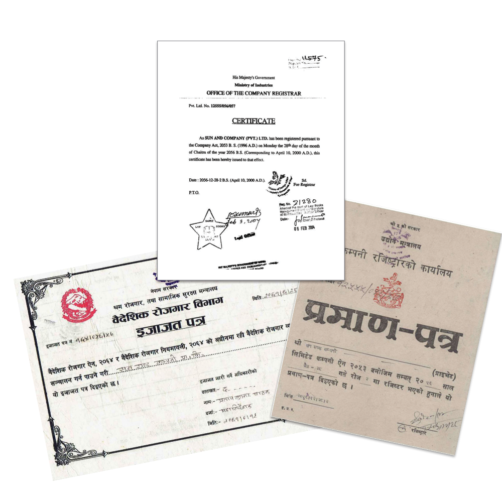 Sun & Company Pvt. Ltd One of the reputed and leading recruitment agencies in Nepal, established in 2004 under the Company Act 2053 B.S.(1996 A.D.) of Nepal Government Registration No. 12555/056/057 and Department of Foreign Employment (164/056/057. We are a globally certified agency with recognition from Responsible Business Alliance and ISO 9001: 2009 and follow world class sustainable recruitment practices.
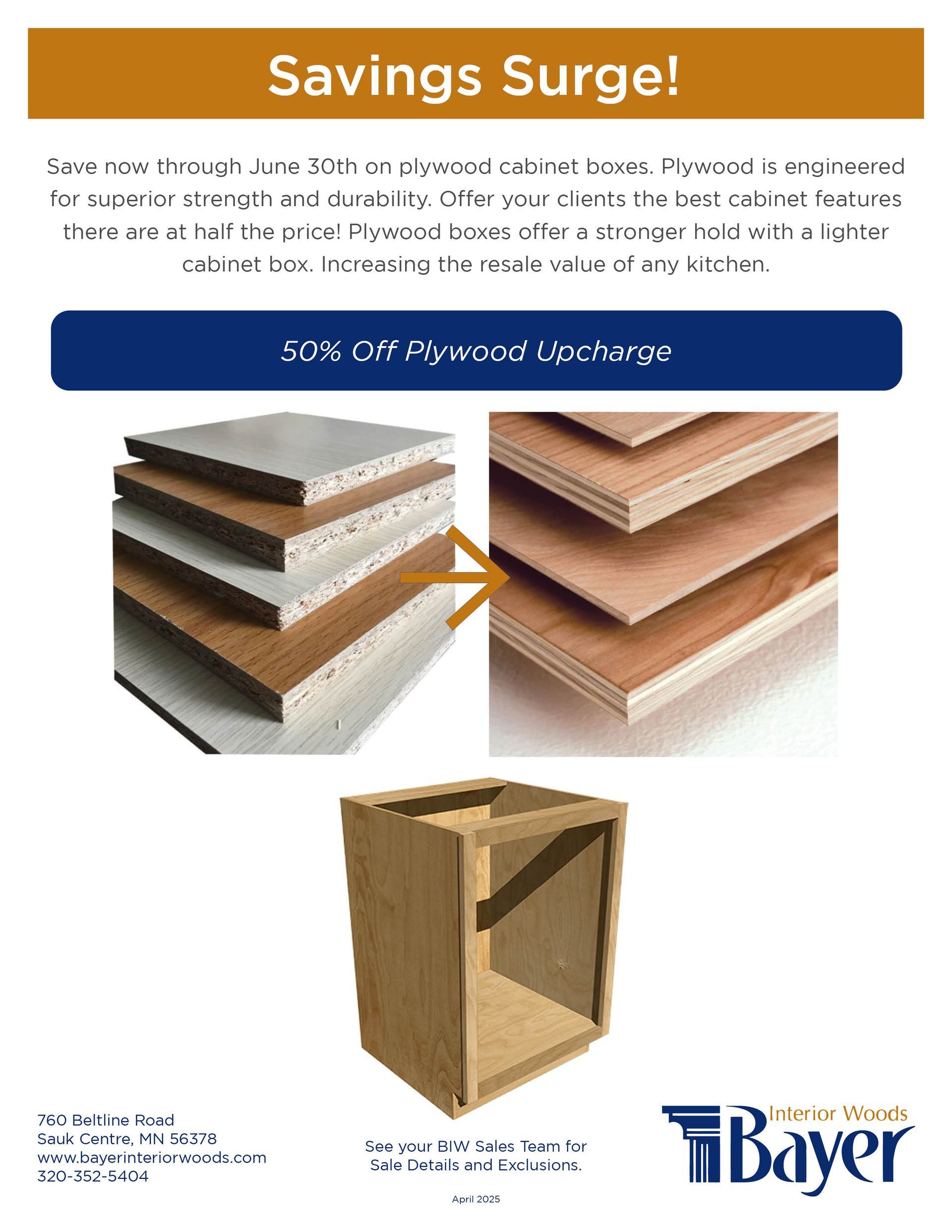 The savings are here! For a limited time save on plywood cabinet boxes! Plywood is engineered for superior strength and durability. Offer your homeowners the best cabinet features there are, at half the price!
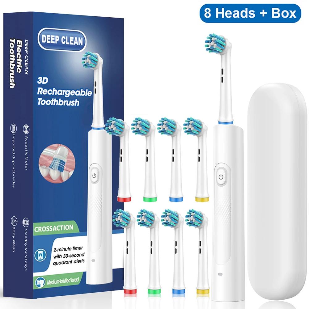Rechargeable Rotating Electric Toothbrush for Adults with 8 Replacement Heads
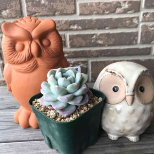 おはようございます☁️ グリーンと陶器とフクロウと🦉 参加させて頂きます🎵 私、陶器のフクロウと勘違いしてましたww🤣🤣🤣 まぁ、いっか🎵 アイスグリーン…🌵 かなり葉数も増えてムッチムチ。 この子、葉挿し成功するかな? 少しもいでみようかな?
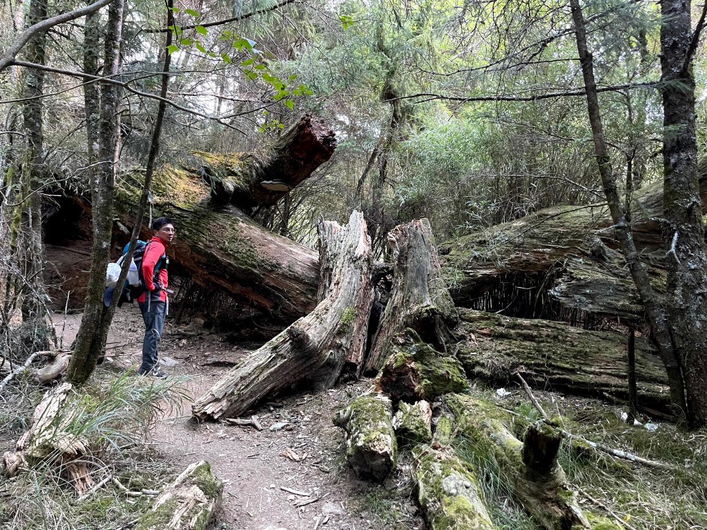 上圖:給巨大倒木拍一張,這應該是神木了吧?
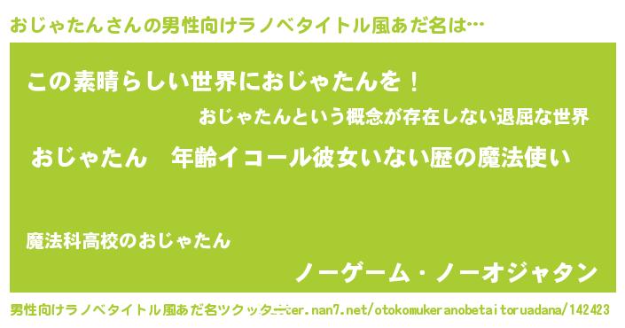 | 胡散臭い通販商品みたいなあだ名 | 『あなたにだけ特別に提供する限定10本のレアな日本酒…その名も「おじゃたん」』 |
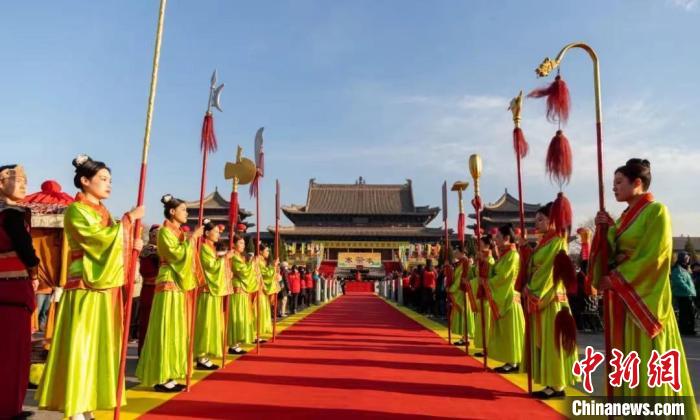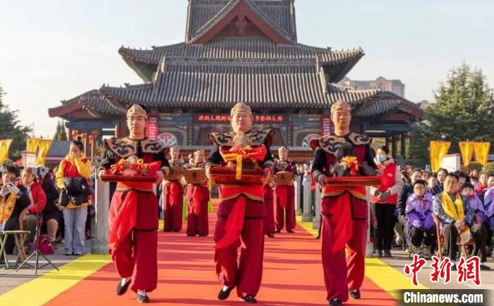 以“尋根洪洞大槐樹傳承孝德千萬家”為主題的祭祖大典正在舉行。洪洞大槐樹景區(qū)供圖
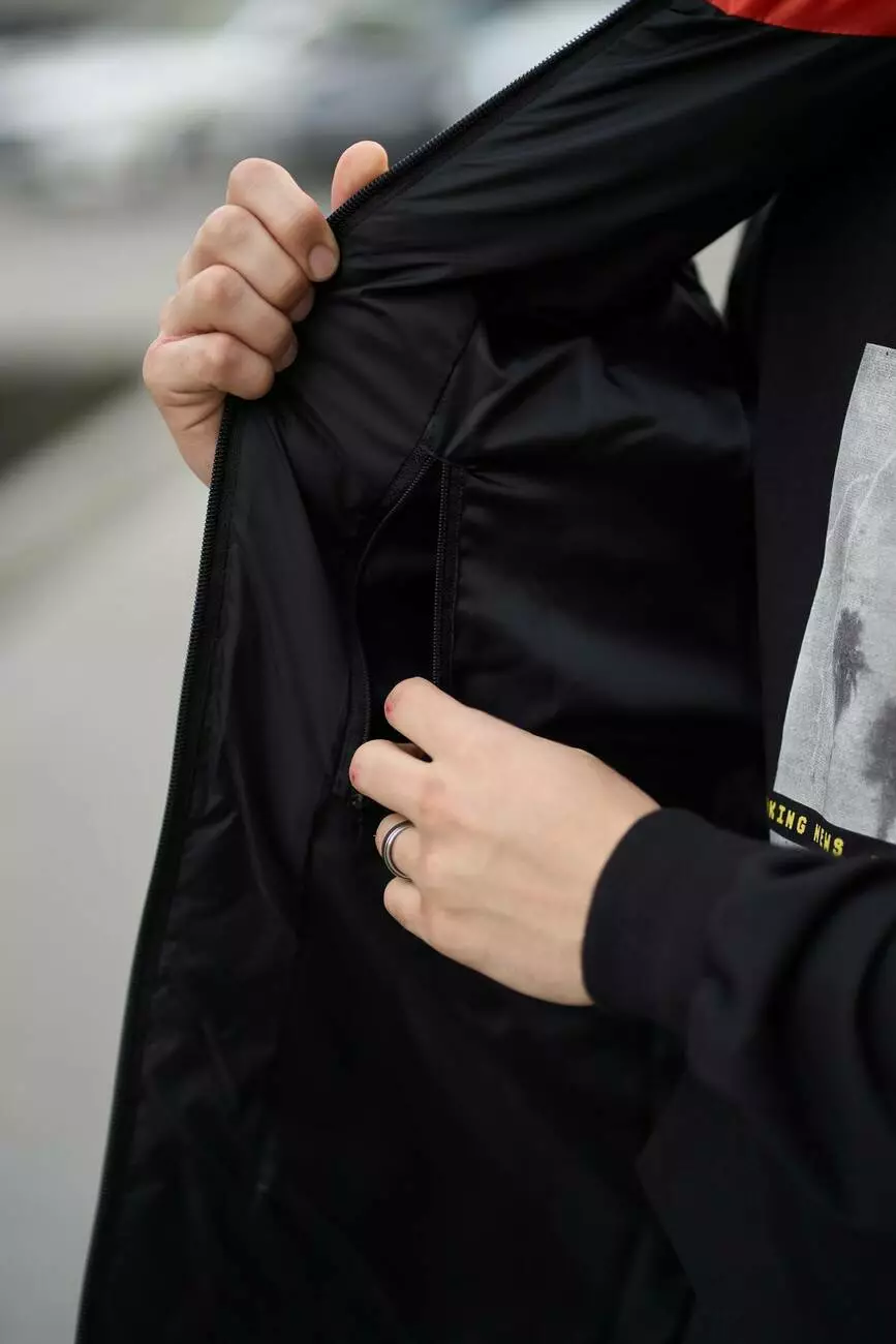Жилетка має прямий вільний крій. Каптуру немає, зате є дві прорізні стандартні кишені і одна внутрішня. Усі кишені на змійці.
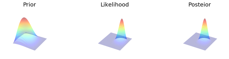a = 2 b = 3 z1 = 11 N1 = 14 z2 = 7 N2 = 14 prior = stats.beta(a, b).pdf(X) * stats.beta(a, b).pdf(Y) likelihood = bern2(X, Y, z1, z2, N1, N2) posterior = stats.beta(a + z1, b + N1 - z1).pdf(X) * stats.beta(a + z2, b + N2 - z2).pdf(Y) make_plots(X, Y, prior, likelihood, posterior) make_plots(X, Y, prior, likelihood, posterior, projection='3d')

--

> **EXERCISE REQUIREMENTS**
Now transcribe the lines above exactly, starting at the line containing "The savings are" and ending at the line containing "上圖:給巨大倒木拍一張,這應該是神木了吧?", both lines included, pictures excluded.

> **WRITTEN SOLUTION**
 The savings are here! For a limited time save on plywood cabinet boxes! Plywood is engineered for superior strength and durability. Offer your homeowners the best cabinet features there are, at half the price!
Rechargeable Rotating Electric Toothbrush for Adults with 8 Replacement Heads
 おはようございます☁️ グリーンと陶器とフクロウと🦉 参加させて頂きます🎵 私、陶器のフクロウと勘違いしてましたww🤣🤣🤣 まぁ、いっか🎵 アイスグリーン…🌵 かなり葉数も増えてムッチムチ。 この子、葉挿し成功するかな? 少しもいでみようかな?
 上圖:給巨大倒木拍一張,這應該是神木了吧?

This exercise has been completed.